И вот я вас спрашиваю, дорогой коллега: при каких же обстоятельствах винная монополия может считаться явлением прогрессивным?
– Только при условии, – рассуждал Кобзев, – когда правительство, обеспечив себя колоссальной прибылью от продажи вина, отменит в стране все другие налоги!
– Но как же вы мыслите борьбу с контрабандным винокурением? – дискутировал Мышецкий.
– По принципу профессора Альглова, вино следует продавать в особых «фискальных» бутылках, которые можно опорожнить, но без помощи казенного завода никак нельзя заполнить...
Однажды Мышецкий вдруг резко залиберальничал.
– Странно! – сказал он. – Почему ныне царствующий император согласился стать в стране главным кабатчиком?
– Вот и название следующей главы. Пишите, – диктовал Иван Степанович: – «Возникновение монополии в России...»
«Очевидно, – писал Мышецкий, – помещика-винокура не могла удовлетворить система, при которой он зависел от сбыта вина в частные руки. Это грозило ему неприятными последствиями. На частного предпринимателя-перекупщика всегда труднее воздействовать, нежели на казенного...»

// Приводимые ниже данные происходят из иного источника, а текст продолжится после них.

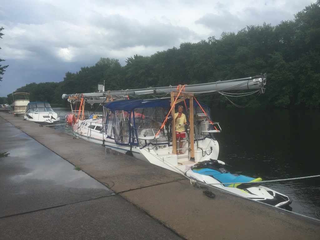 After spending two nights in Little Falls it was time to head out. The forecasters were forecasting rain for the day. I was hoping that it would hold off. Although it was hazy, it was a beautiful morning. Little Falls city docks was very clean. They offered nice clean showers to their guest. We meet a couple ridding a tandem bike from Massachusetts to Iowa. It would be interesting to do that, but my fanny would not allow it. I keep trying new seats, but no luck; so I will stick with sailing. The City docks apparently allows bikers put up their tents for a night. I have to say. They peddle faster then our sailboat. The do between 50-100 miles a day. They average 10 MPH. We do 5 MPH. LOL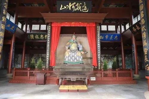 大殿内塑有岳飞彩色坐像,像高4.5米。殿中高悬“还我河山”匾额,为岳飞手迹,两侧有明代人所书“精忠报国”,中国佛教协会会长赵朴初所书“碧血丹心”以及西泠印社社长沙孟海所书“浩气长存”等匾额。 岳王庙建于南宋嘉定14年(1221年),西湖北山的智果观音院改为“褒忠衍福禅寺”,用以表彰岳飞的功业。

– И, таким образом, – заострял Кобзев, – класс помещиков мог только мечтать о введении монополии, ибо правительство (простите, князь, состоящее также из помещиков), естественно, пойдет на поводу самих же помещиков! Так ведь?
– Выходит, что так, – поддакнул Мышецкий.
– Очень хорошо, что вы согласились, – напористо продолжал Кобзев. – Тогда возникнет следующий вопрос: а кто же стоит во главе этого правительства?
Мышецкий не отвечал.
– Кто? – в упор переспросил Кобзев. – Вы рискнете, князь, написать лишь одно коротенькое слово, в котором сходятся все интересы и все прибыли нашего дворянства?
Он выжидающе смотрел на Мышецкого, и тот отбросил перо:
– Нет, Иван Степанович, вы преувеличиваете мою смелость.
– Конечно, – подхватил Кобзев, – нужно иметь очень большую смелость, чтобы разойтись во взглядах с интересами того класса, к которому принадлежишь сам... Впрочем, писать слово «царь» и не нужно. Наша действительность – еще со времен Сумарокова – уже приучена к аллегориям. Даже сидя по самую маковку в густопсовом раболепии, мы – русские – все равно будем козырять грациозными намеками на неудобство своего положения!
Сообща они завуалировали свою статью до такой степени, что никакая цензура не смогла бы придраться. Поставив точку, Сергей Яковлевич глубокомысленно заметил:
– Мы живем в удивительное время!
– Вот как?
– Да. Человек, желающий сказать что-либо, должен прежде выработать в себе талант фабулиста.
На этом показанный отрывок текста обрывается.